Master micro-segmentation for zero trust success

 

The Five-Step Zero Trust Design Methodology

To make your Zero trust journey achievable, you need a repeatable process to follow. The first step in the Zero trust is to break down your environment into smaller pieces that you need to protect (protect surfaces). The second step for deploying Zero Trust in each protect surfaces is to map the transactions flows so that we can allow only the ports and the address needed and nothing else. Everyone wants to know what products to buy to do Zero trust or to eliminate trust between digital systems, the truth is that you won’t know the answer to that until you’ve gone through the process. Which brings us to the third step in the methodology: architecting the Zero trust environment. Ultimately, we need to instantiate Zero Trust as a Layer 7 policy statement. Use the Kipling Method of Zero Trust policy writing to determine who or what can access your protect surface. The fifth design principle of Zero Trust is to inspect and log all traffic, for monitor and maintain, one needs to take all of the telemetry – whether it’s from a network detection and response tool, or from firewall or server application logs and then learn from them. As you learn over time, you can make security stronger and stronger.
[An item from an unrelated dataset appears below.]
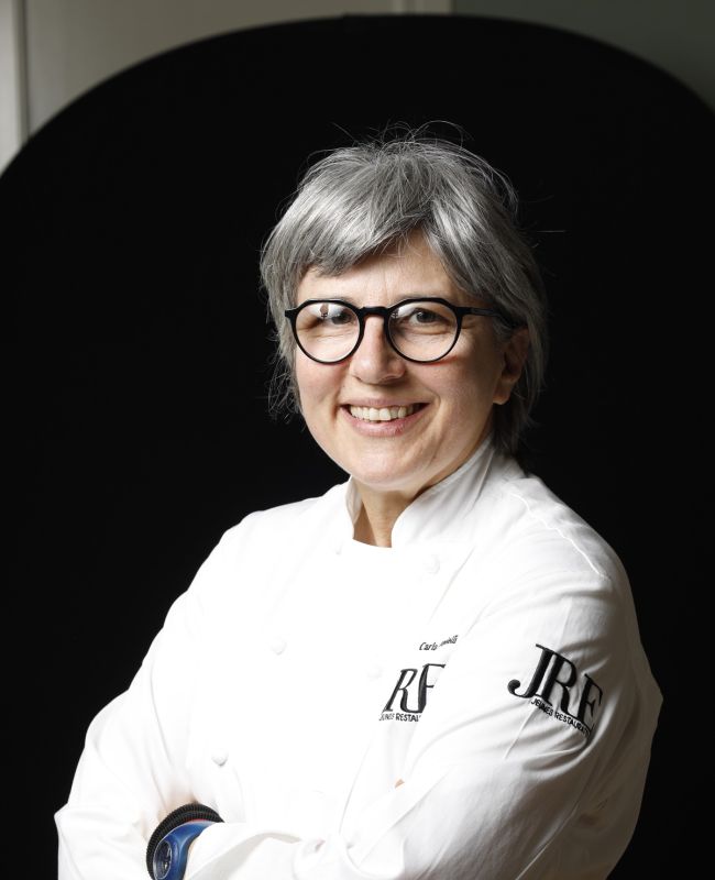 Carla Aradelli (classe 1968) ha iniziato a cucinare presto nella locanda di famiglia a Montesanto, sulle colline di Ponte dell’Olio, con un legame forte con la vita contadina dei nonni. Un passaggio decisivo sono stati i due anni di formazione con Georges Cogny alla Locanda Cantoniera, dove ha affinato la tecnica e ampliato la sua idea di gastronomia. A 19 anni ha iniziato a costruire quello che sarebbe diventato Riva, e nel 1997 ha conquistato la stella Michelin. La sua cucina resta volutamente semplice, leggera ed equilibrata, con tutto fatto in casa e ingredienti lavorati nella loro interezza per conoscerne davvero l’origine.

  1. Define the protect surface
  2. Map the transaction flows
  3. Architect a Zero trust environment
  4. Create Zero trust policies
  5. Monitor and maintain.

 How AlgoSec aligns with “Map the transaction Flows” the 2nd step of Design Methodology?

AlgoSec Auto-Discovery analyses your traffic flows, turning them into a clear map. AutoDiscovery receives network traffic metadata as NetFlow, SFLOW, or full packets and then digest multiple streams of traffic metadata to let you clearly visualize your transaction flows. Once the transaction flows are discovered and optimized, the system keeps tracking changes in these flows. Once new flows are discovered in the network, the application description is updated with the new flows.

 

Outcome:

  • Clear visualization of transaction flows.
  • Updated application description.
  • Optimized transaction flows.

How AlgoSec aligns with “Architect Zero Trust Policies” – the 4th step of Design Methodology?
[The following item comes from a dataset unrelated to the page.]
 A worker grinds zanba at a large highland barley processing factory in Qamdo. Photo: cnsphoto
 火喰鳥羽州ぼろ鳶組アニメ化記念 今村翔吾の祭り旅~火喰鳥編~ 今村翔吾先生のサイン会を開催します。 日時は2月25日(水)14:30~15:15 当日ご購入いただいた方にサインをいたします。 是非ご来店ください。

With AlgoSec, you can automate the security policy change process without introducing any element of risk, vulnerability, or compliance violation. AlgoSec allows you to ingest the discovered transaction flows as a Traffic Change request and analyze those traffic changes before they are implemented all the to your Firewalls, Public Cloud and SDN Solutions and validate successful changes as intended, all within your existing IT Service Management (ITSM) solutions.

 

Outcome:

  • Analyzed traffic changes for implementation.
  • Implemented security policy changes without risk, vulnerability, or compliance violations. 

How Algosec aligns with “Monitor and maintain” – the 5th step of Design Methodology?
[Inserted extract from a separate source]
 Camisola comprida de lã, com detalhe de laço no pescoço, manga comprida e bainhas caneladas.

AlgoSec analyzes security by analyzing firewall policies, firewall rules, firewall traffic logs and firewall change configurations. Detailed analysis of the security logs offers critical network vital intelligence about security breaches and attempted attacks like virus, trojans, and denial of service among others. With AlgoSec traffic flow analysis, you can monitor traffic within a specific firewall rule. You do not need to allow all traffic to traverse in all directions but instead, you can monitor it through the pragmatic behaviors on the network and enable network firewall administrators to recognize which firewall rules they can create and implement to allow only the necessary access.

Outcome:

  • Critical network intelligence, identification of security breaches and attempted attacks.
  • Enhanced firewall rule creation and implementation, allowing only necessary access.